The point of the cave is that we can never have the vertical height of the cannon ball, $-(g/2)t^2+ Vsin(\beta)t$, greater than the height of the cave, $(Vcos(\beta)t)tan(\alpha)$.

 

[voko]

Then you should be able to write the equations for both components of displacement.

Edit: which HallsofIvy just did for you.

 

[voko]

The point of the cave is that we can never have the vertical height of the cannon ball, $-(g/2)t^2+ Vsin(\beta)t$, greater than the height of the cave, $(Vcos(\beta)t)tan(\alpha)$.

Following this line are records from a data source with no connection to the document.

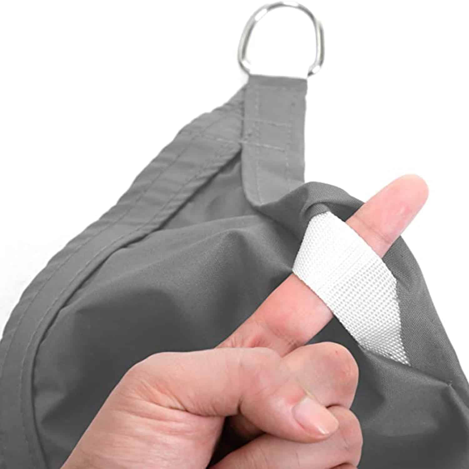 Didesnis saugumas dėl aukštos kokybės apdorojimo: Mūsų pasirinkta medžiaga yra aukštos kokybės, atsparus plyšimui poliesteris. Visuose kraštuose siūlėse burė buvo sutvirtinta specialia tvirta juostele, kuri buvo prisiūta, kad būtų užtikrintas didesnis stabilumas. Kampai taip pat kelis kartus sutvirtinti.
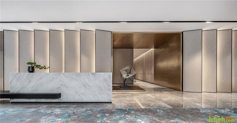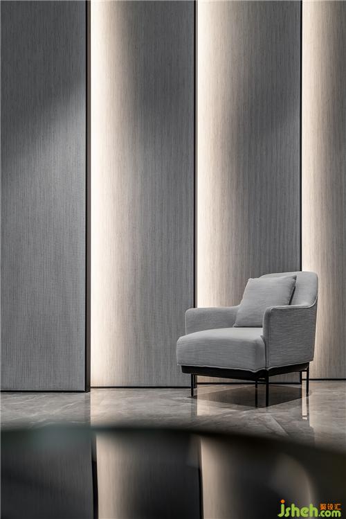 會所大廳立面通過序列感造型一字排開,燈光強化關(guān)系,嘗試營造整潔,平和的氣場。
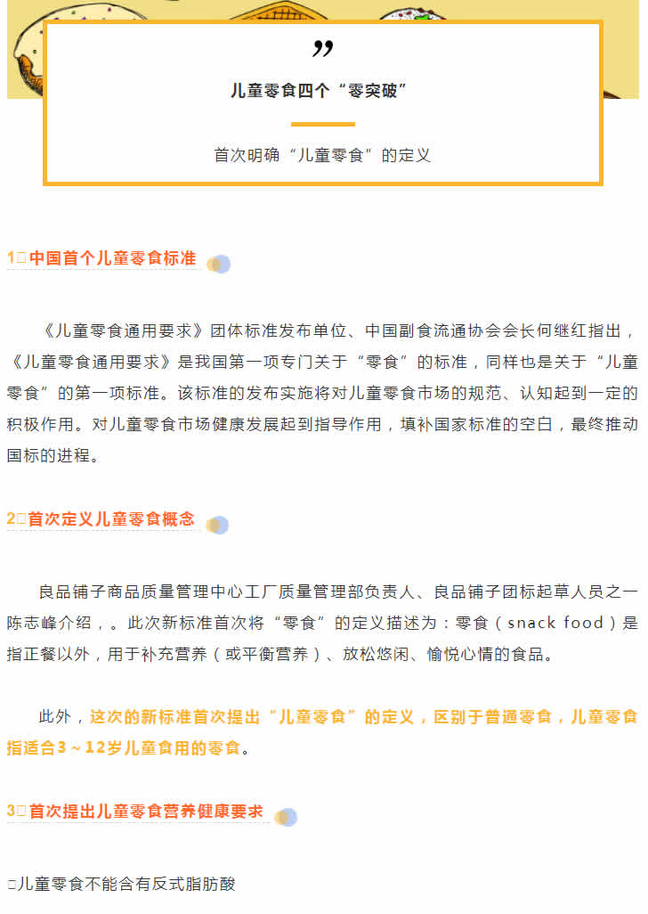 此外,這次的新標準首次提出“兒童零食”的定義,區別于普通零食,兒童零食指適合3~12歲兒童食用的零食。
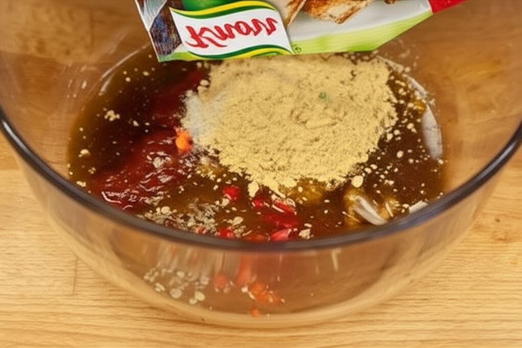 Zawartość paczki Knorr połącz z Ketchupem Hellmann's Pikantnym, miodem i colą. Wsyp posiekane chili, roztarte w moździerzu nasiona kolendry, roztarty czosnek i kumin.
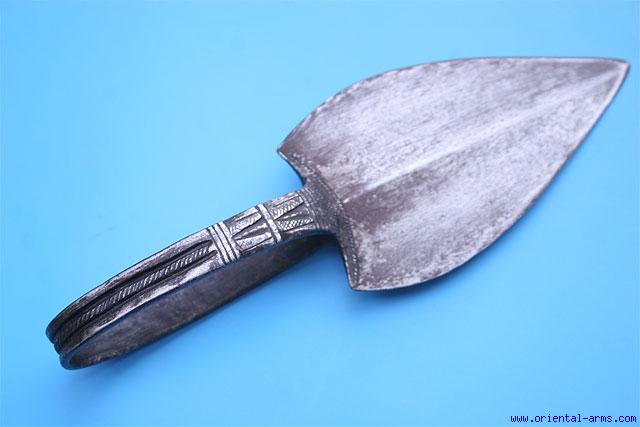 A loop dagger of the TIV people residing on the Niger river in Nigeria. Very typical but unusual whole steel construction with the ring hilt forged in one piece with the blade. Short and wide, leaf shape 5 X 3 inches blade. Flat hollow ground cross section with a central rib. Filed and chiseled ring handle. Total length 8 inches. Very good condition. Quite unusual and very elegant piece. |
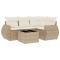 Salon de jardin avec coussins 5 pcs beige résine tresséeCet ensemble de canapés de jardin est le complément parfait de votre arrière-cour, terrasse ou patio, offrant un espace confortable et accueillant pour discuter avec la famille et les amis ou simplement se détendre et profiter de l'extérieur. Matériau durable : la résine tressée, également connue sous le nom de poly rotin, est un matériau synthétique solide et nécessitant peu d'entretien qui ressemble au rotin naturel. Il est léger, facile à nettoyer et couramment utilisé pour les meubles d'extérieur en raison de sa durabilité et de ses propriétés de résistance aux intempéries.Fonction de rangement avec sac résistant à l'eau : chaque siège de jardin dispose d'un espace de rangement sous l'assise, complété par un sac résistant à l'eau pour ranger les coussins, les jouets et d'autres objets. Les sacs intérieurs sont dotés d'un couvercle et peuvent être solidement fixés aux sièges à l'aide de bandes auto-agrippantes pour plus de stabilité.Dessus en verre : le dessus de la table d'extérieur est fabriqué en verre trempé solide et durable, ce qui le rend facile à nettoyer avec un chiffon humide et ajoute une touche d'élégance à votre espace extérieur.Housse amovible et lavable : ces coussins de siège sont dotés de housses amovibles pour un lavage et un entretien faciles.Conception modulaire : cet ensemble de meubles d'extérieur a une conception modulaire, ce qui le rend complètement flexible et facile à déplacer, afin que vous puissiez créer un agencement de meubles d'extérieur personnalisé. Bon à savoir :Pour que vos meubles d'extérieur restent beaux, nous vous recommandons de les protéger avec une housse imperméable.
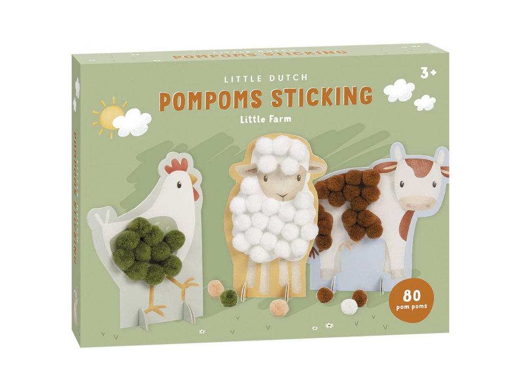 Originálna sada obsahuje 80 brmbolcov v rôznych farbách a štyri kartičky v podobe sliepočky, kravičky, ovečky a prasiatka. Kartičky majú samolepiaci povrch, na ktoré dieťa lepí brmbolce v správnych farbách. Po dokončení zvieratka vďaka stojanu samostatne stojí a môžete ich využiť ako krásnu dekoráciu v detskej izbe.

I think that assumes that $X = 0$.

 

[ItsImpulse]

Assuming that x is not 0. I get that sinB - cosBtanA < (2xtanA-gt^2)/(2vt). I still cannot get B as a function of A, X and V?

 

[voko]

I believe you have a sign error in your inequality. Check it.

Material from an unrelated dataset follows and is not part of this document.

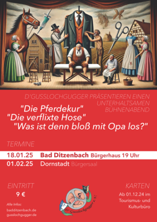 Das Tourismus- und Kulturbüro Bad Ditzenbach lädt herzlich zu einem Theaterabend ein: Am Samstag,den 18. Januar 2025 präsentiert die Tomerdinger Theatergruppe D’Gusslochgugger e.V. im Bürgerhaus Bad Ditzenbach ab 19 Uhr ihre humorvollen Bühnenstücke.
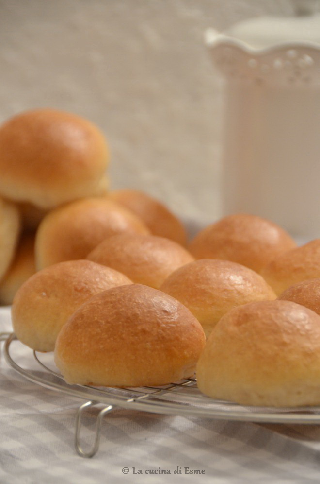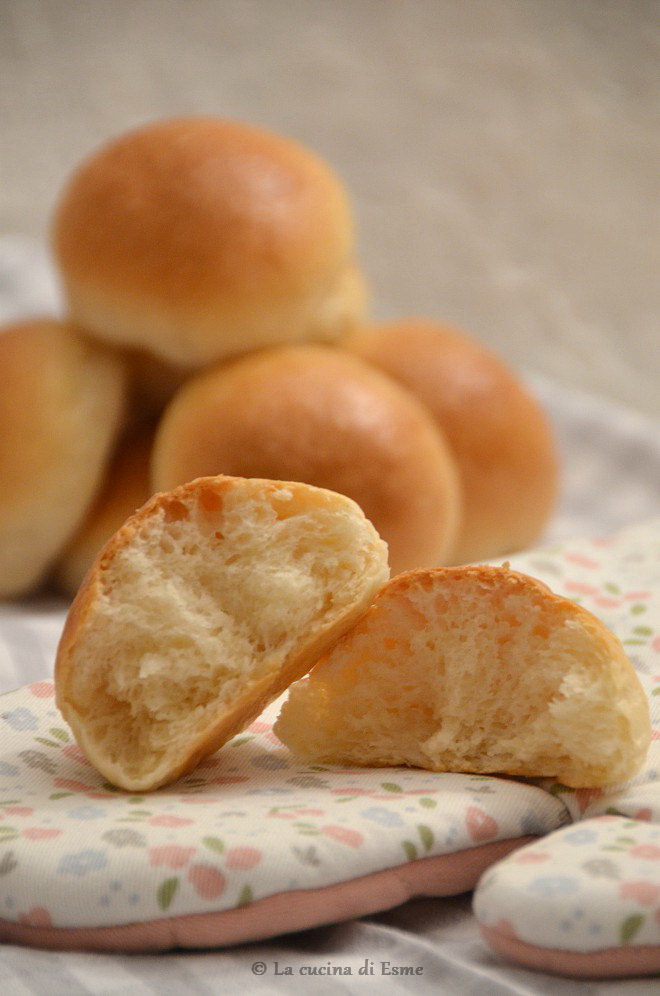 Il rosso dei tramonti, lo scricchiolio delle foglie sotto i piedi, il profumo delle castagne arrostite, il ritorno della mia amata zucca … tutto questo è l’autunno. Non è certo ancora tempo di maglioni, o di stringersi in un caldo cappotto, ancora non è il momento di cioccolata calda, ma le temperature sono diminuite e finalmente possiamo riaccendere il forno! Le lunghe preparazioni forzatamente abbandonate durante la bella stagione, possono finalmente ritornare a padroneggiare nelle nostre cucine. Per quanto mi riguarda, non appena la temperatura diminuisce, il mio primo desiderio è quello di rimettere le mani in pasta e ricominciare a sfornare i miei amati lievitati. L’impasto di questi panini è sofficissimo, inoltre è perfetto per gli intolleranti al lattosio, una pasta brioche dal sapore neutro che vi regalerà dei panini versatilissimi, ottimi sia farciti in versione dolce sia in versione salata.

Apart from this, you should analyse the problem in two ways.

Forget that the cannon is in the cave. Just find the maximal range - at what value of $\beta$ does it happen? Then see what condition you have on $V$, $X$ and $\alpha$ so that the cannon can shoot at this optimal angle.

The second analysis pertains to the case when the above condition for optimal shooting does not hold. In that case the trajectory should just touch the cave at some point to attain maximum range. See what condition that gives you.

 

[ItsImpulse]

The maximum range would be at 45 degrees wouldn't it? The problem lies that the height of the cave is a function of B ,(ie. XtanA + tanAVcosBt) so how then can I solve explicitly B as a function of X,v,A?

 

[voko]

45 degrees is correct. What conditions must $V$, $X$ and $\alpha$ satisfy so that $\beta = 45 ^ \circ$ is possible?

 

[ItsImpulse]

Oh I see that's how you go about doing it. Would be accurate to say that the max range is at 45 degrees but with the cave inhibiting motion, it's the greatest angle possible?

 

[voko]

As I said earlier, there are two situations.

One is when the projectile motion is not restricted by the cave. Example: the wall of the cave is very far away or is almost vertical, or the initial velocity is very small. Then the max range is given by $\beta = 45 ^ \circ$. In this case $\beta$ cannot be expressed in terms of $V$, $X$ and $\alpha$ - it is simply $45 ^ \circ$. But in this case you need to find the mathematical formulation of "the projectile motion is not restricted by the cave".

The other situation is when this mathematical formulation is violated and "the projectile motion is restricted by the cave".